[GIVEN DATA]

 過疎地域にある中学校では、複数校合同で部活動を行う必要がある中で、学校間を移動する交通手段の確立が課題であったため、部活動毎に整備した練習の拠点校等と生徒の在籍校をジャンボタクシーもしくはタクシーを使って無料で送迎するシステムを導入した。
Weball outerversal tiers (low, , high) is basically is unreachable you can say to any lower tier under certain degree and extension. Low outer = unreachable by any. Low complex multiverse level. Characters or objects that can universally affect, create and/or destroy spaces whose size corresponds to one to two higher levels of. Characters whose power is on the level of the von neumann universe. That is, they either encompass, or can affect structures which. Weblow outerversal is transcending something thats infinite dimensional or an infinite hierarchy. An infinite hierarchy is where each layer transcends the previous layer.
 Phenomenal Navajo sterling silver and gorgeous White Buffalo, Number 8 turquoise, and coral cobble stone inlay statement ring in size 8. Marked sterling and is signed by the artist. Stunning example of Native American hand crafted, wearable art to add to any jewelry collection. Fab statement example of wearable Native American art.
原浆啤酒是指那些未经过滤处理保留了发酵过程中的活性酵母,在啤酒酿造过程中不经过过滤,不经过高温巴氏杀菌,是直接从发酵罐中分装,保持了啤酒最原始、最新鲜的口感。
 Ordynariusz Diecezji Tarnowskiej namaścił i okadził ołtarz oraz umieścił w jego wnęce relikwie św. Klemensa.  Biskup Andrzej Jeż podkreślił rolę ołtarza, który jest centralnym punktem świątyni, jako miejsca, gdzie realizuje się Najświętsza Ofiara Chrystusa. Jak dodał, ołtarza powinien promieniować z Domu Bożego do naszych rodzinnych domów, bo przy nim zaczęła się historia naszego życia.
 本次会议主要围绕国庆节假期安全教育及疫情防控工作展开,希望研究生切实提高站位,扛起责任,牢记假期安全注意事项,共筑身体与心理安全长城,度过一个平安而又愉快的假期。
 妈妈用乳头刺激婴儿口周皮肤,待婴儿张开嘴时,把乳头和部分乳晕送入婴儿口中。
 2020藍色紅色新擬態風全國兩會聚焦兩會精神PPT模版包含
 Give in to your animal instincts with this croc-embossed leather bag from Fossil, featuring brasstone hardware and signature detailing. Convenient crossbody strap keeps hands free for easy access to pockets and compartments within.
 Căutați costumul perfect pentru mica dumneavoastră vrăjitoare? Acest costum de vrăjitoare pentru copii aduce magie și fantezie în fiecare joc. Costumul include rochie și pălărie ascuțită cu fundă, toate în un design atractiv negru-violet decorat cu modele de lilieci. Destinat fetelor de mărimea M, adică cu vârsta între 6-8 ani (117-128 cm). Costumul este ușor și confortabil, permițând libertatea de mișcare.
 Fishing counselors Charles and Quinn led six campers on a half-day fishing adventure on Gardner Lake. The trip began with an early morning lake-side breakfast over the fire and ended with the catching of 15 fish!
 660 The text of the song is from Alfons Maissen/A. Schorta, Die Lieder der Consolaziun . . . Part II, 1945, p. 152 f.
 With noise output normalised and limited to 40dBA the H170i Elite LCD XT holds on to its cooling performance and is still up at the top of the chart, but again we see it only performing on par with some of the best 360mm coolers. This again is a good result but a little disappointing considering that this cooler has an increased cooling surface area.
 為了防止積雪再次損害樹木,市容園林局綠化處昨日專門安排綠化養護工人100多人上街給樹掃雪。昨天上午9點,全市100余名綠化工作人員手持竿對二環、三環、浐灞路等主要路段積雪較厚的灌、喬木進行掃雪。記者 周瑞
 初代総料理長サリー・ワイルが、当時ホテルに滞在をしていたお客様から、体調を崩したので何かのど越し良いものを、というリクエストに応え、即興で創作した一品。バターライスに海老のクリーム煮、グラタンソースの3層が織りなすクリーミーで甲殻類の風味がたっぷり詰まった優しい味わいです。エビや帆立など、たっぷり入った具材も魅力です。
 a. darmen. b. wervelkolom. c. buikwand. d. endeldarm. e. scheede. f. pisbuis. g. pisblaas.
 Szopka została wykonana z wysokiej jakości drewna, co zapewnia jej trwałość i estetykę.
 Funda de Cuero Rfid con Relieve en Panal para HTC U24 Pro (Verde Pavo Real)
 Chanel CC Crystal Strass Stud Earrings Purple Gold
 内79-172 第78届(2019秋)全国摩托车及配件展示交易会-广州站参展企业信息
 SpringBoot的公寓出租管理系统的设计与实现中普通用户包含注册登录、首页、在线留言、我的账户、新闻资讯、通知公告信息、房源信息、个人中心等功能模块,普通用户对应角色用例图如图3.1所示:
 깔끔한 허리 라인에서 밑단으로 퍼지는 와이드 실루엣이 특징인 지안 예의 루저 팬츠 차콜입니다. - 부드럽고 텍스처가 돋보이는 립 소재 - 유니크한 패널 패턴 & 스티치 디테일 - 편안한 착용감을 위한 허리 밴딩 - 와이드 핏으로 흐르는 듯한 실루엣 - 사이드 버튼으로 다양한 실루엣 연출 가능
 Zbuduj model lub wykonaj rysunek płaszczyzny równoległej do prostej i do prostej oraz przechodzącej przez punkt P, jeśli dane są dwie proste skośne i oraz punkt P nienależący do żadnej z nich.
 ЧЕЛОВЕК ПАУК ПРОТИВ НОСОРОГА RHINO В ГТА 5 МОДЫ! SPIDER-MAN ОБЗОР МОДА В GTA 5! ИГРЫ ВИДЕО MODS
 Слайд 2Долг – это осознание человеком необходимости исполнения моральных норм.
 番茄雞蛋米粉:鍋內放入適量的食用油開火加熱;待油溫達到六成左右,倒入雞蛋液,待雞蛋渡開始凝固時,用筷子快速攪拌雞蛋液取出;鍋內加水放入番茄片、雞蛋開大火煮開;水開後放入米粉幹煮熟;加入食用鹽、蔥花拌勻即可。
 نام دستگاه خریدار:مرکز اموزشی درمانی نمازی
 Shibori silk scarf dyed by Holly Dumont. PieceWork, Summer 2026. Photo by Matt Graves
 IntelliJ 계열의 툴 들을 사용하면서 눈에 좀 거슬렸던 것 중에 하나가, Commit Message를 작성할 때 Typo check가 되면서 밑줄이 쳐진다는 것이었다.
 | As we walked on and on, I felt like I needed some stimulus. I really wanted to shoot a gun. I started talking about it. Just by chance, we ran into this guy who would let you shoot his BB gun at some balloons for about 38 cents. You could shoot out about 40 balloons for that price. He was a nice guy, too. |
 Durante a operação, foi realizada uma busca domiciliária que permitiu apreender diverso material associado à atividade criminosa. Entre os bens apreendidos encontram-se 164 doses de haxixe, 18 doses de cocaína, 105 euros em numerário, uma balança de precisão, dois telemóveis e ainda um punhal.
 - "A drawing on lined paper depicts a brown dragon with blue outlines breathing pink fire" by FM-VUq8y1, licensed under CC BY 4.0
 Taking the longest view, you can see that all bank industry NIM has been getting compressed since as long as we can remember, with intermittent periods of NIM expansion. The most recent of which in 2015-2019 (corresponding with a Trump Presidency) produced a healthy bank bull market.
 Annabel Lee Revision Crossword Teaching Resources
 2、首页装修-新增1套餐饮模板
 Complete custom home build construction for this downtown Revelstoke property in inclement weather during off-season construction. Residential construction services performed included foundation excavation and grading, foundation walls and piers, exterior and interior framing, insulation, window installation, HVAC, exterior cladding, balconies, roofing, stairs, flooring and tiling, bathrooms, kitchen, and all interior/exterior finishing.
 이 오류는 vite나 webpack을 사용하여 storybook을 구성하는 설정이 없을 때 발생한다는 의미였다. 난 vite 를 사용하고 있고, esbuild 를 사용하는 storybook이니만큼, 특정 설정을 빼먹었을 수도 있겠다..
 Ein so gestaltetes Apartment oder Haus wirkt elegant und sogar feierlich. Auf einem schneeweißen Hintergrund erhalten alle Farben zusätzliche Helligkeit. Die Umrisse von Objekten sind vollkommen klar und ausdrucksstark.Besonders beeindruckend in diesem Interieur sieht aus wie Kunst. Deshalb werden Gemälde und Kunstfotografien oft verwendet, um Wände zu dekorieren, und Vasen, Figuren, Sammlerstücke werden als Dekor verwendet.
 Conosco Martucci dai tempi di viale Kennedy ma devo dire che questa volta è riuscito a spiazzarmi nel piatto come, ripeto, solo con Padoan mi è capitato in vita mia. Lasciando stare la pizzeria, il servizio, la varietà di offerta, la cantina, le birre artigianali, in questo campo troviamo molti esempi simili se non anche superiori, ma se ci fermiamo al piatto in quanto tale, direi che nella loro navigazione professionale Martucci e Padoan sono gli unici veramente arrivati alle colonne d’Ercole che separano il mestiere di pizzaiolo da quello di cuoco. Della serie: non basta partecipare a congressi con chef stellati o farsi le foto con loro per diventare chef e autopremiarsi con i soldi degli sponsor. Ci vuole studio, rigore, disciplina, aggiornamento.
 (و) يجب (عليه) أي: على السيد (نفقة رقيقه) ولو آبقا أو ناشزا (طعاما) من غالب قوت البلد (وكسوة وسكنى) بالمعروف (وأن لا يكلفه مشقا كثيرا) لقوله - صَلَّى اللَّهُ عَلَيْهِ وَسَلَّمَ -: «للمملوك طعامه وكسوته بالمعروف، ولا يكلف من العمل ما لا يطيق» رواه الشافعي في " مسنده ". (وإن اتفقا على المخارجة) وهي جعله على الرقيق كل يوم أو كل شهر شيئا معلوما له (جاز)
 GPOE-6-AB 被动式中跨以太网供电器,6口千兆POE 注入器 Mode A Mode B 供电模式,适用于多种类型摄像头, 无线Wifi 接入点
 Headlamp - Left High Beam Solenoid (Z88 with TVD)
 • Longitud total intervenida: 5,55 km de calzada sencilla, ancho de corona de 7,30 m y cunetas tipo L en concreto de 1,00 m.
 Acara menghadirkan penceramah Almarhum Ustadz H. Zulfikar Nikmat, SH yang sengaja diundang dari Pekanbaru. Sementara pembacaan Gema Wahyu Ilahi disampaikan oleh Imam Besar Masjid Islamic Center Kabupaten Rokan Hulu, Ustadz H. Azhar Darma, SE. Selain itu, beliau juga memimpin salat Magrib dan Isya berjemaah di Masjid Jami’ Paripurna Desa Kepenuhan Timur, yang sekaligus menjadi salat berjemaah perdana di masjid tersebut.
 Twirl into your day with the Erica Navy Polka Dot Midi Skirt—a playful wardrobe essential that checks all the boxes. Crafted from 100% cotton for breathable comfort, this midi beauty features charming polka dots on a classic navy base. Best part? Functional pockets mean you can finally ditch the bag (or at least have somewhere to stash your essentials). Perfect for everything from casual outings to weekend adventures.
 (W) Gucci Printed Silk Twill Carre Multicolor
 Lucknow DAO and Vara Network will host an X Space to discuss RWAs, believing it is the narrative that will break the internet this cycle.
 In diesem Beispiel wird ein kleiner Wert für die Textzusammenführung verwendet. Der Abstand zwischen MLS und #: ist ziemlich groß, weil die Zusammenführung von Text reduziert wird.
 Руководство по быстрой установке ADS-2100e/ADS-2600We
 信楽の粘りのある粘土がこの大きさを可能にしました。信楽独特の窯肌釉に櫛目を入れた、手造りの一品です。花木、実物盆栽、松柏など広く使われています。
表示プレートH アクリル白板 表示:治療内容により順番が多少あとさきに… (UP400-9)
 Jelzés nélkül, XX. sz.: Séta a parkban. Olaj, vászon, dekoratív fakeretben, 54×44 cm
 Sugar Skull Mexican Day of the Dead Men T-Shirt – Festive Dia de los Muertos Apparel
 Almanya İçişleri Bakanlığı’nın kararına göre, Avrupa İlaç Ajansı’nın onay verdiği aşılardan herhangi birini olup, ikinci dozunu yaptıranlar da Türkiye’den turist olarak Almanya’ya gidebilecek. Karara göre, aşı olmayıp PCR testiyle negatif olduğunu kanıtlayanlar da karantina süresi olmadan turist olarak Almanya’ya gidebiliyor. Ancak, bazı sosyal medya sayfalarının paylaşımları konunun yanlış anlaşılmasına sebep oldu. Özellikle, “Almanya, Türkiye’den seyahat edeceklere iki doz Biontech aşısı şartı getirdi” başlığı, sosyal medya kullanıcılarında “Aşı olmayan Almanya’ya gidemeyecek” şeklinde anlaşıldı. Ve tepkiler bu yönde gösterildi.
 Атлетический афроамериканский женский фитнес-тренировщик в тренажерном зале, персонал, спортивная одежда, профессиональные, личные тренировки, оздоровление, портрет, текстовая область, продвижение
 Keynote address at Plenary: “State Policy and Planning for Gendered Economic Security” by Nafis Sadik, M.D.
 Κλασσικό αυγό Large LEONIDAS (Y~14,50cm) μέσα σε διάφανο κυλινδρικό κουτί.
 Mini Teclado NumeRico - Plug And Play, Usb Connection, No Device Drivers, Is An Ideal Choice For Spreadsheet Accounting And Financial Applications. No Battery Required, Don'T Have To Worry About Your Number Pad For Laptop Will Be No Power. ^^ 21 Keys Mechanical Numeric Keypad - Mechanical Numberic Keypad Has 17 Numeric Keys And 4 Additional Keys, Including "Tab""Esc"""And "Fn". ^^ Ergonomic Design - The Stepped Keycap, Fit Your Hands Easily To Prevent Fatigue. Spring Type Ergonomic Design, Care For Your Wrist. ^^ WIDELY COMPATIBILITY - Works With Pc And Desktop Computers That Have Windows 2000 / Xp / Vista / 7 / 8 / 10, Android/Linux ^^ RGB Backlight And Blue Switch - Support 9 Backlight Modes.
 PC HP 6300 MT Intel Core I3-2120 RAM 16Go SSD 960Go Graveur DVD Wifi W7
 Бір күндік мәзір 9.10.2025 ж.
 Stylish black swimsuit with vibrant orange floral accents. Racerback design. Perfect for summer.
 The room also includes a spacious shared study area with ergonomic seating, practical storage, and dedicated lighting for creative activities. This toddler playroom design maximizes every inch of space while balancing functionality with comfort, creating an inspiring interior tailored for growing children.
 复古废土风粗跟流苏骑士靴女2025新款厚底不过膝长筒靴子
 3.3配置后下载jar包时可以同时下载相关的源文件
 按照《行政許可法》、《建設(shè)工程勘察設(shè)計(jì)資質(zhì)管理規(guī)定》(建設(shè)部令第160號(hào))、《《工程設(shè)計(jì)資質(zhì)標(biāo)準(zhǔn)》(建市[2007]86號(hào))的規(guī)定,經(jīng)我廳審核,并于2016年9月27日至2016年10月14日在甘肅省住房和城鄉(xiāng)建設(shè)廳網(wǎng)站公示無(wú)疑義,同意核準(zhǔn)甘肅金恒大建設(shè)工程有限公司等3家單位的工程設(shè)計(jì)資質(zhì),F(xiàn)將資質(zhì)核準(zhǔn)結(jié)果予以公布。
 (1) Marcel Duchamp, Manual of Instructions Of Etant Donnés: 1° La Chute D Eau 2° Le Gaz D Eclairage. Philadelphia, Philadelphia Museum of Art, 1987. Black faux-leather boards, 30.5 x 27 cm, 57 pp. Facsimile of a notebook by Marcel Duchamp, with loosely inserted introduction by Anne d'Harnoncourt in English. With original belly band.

[/GIVEN DATA]

▶ [ASSIGNMENT]: One inclusive range is required: first line of the data through the line containing "Weball outerversal tiers". Set it down exactly and output nothing else.

▶ [EXERCISE RESULT]:
 過疎地域にある中学校では、複数校合同で部活動を行う必要がある中で、学校間を移動する交通手段の確立が課題であったため、部活動毎に整備した練習の拠点校等と生徒の在籍校をジャンボタクシーもしくはタクシーを使って無料で送迎するシステムを導入した。
Weball outerversal tiers (low, , high) is basically is unreachable you can say to any lower tier under certain degree and extension. Low outer = unreachable by any. Low complex multiverse level. Characters or objects that can universally affect, create and/or destroy spaces whose size corresponds to one to two higher levels of. Characters whose power is on the level of the von neumann universe. That is, they either encompass, or can affect structures which. Weblow outerversal is transcending something thats infinite dimensional or an infinite hierarchy. An infinite hierarchy is where each layer transcends the previous layer.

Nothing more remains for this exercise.